- **DATA EXTRACT**
------

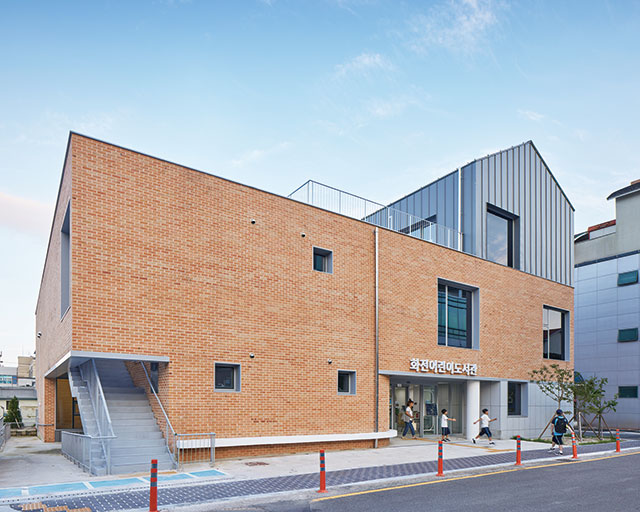 폐교된 ‘김해 주촌초’ 리모델링‘벽면 서가’ 상징성 담아 시공도서관 용도변경 후 2019년 개관기존 체육관·교사동 공간 활용레고·공룡방 등 책 놀이공간 구성문화체험 강좌실·북카페도 갖춰최근 우리나라는 급격한 출산율 감소와 도심의 변화에 따른 인구이동으로 인하여 학교가 이전되고, 폐교되는 사례가 늘어나고 있다. 김해지혜의바다도서관은 오랜 역사를 지닌 주촌초등학교(1931년 개교)가 이전되고 기존 건물을 폐교함에 따라 초등학교를 도서관으로 ‘용도변경’하고, ‘리모델링’을 통해 새로운 독서문화 공간을 창출하는 프로젝트이다. 설계 의도건축
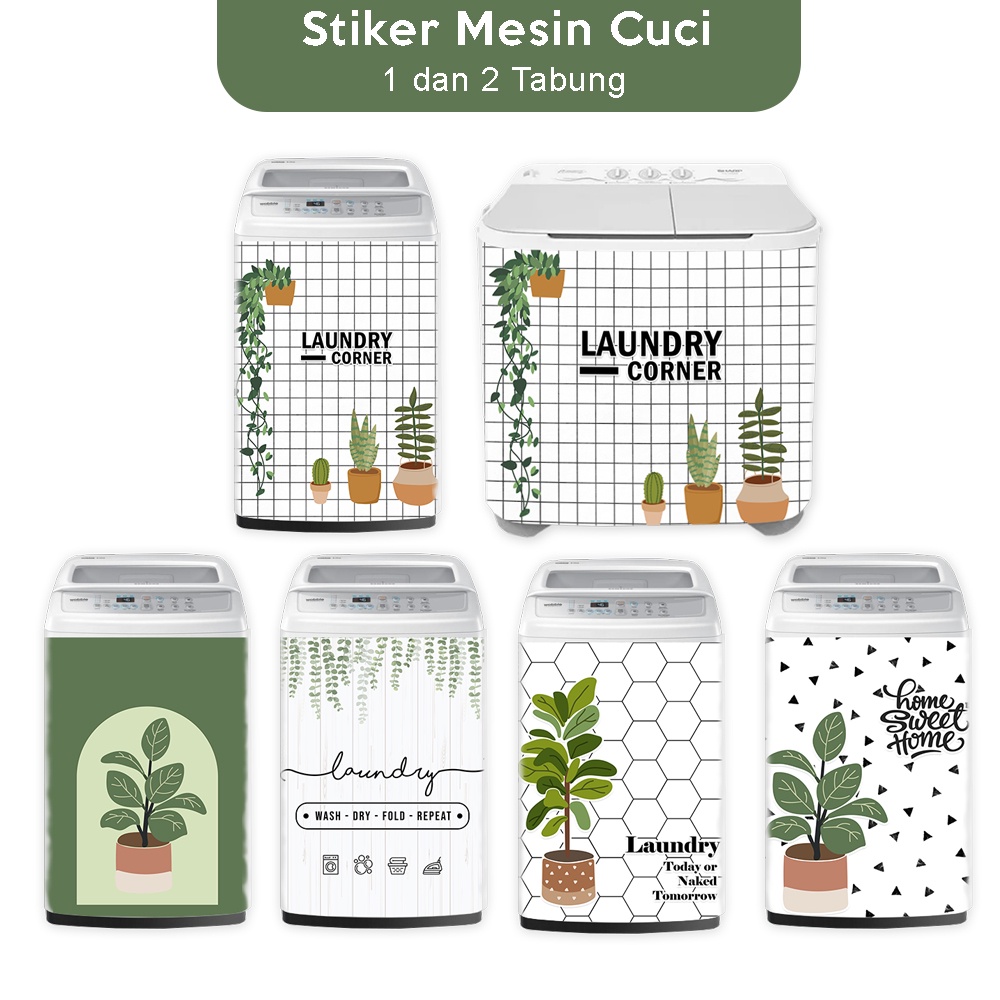 STIKER MESIN CUCI 1 2 TABUNG MOTIF MINIMALIS DAUN AESTHETIC
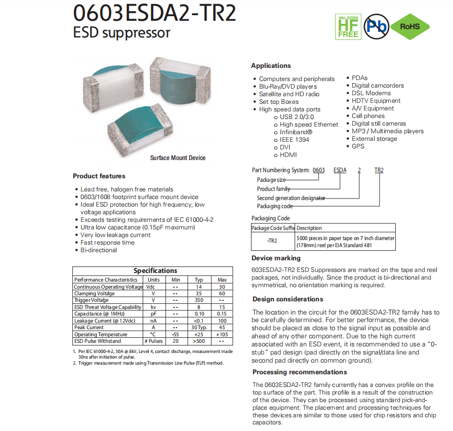 產(chǎn)品型號(hào):0603ESDA2-TR2

------

Restate the lines above exactly, from the one bearing "STIKER MESIN CUCI" through the final line of the material, both included, omitting pictures.

 STIKER MESIN CUCI 1 2 TABUNG MOTIF MINIMALIS DAUN AESTHETIC
 產(chǎn)品型號(hào):0603ESDA2-TR2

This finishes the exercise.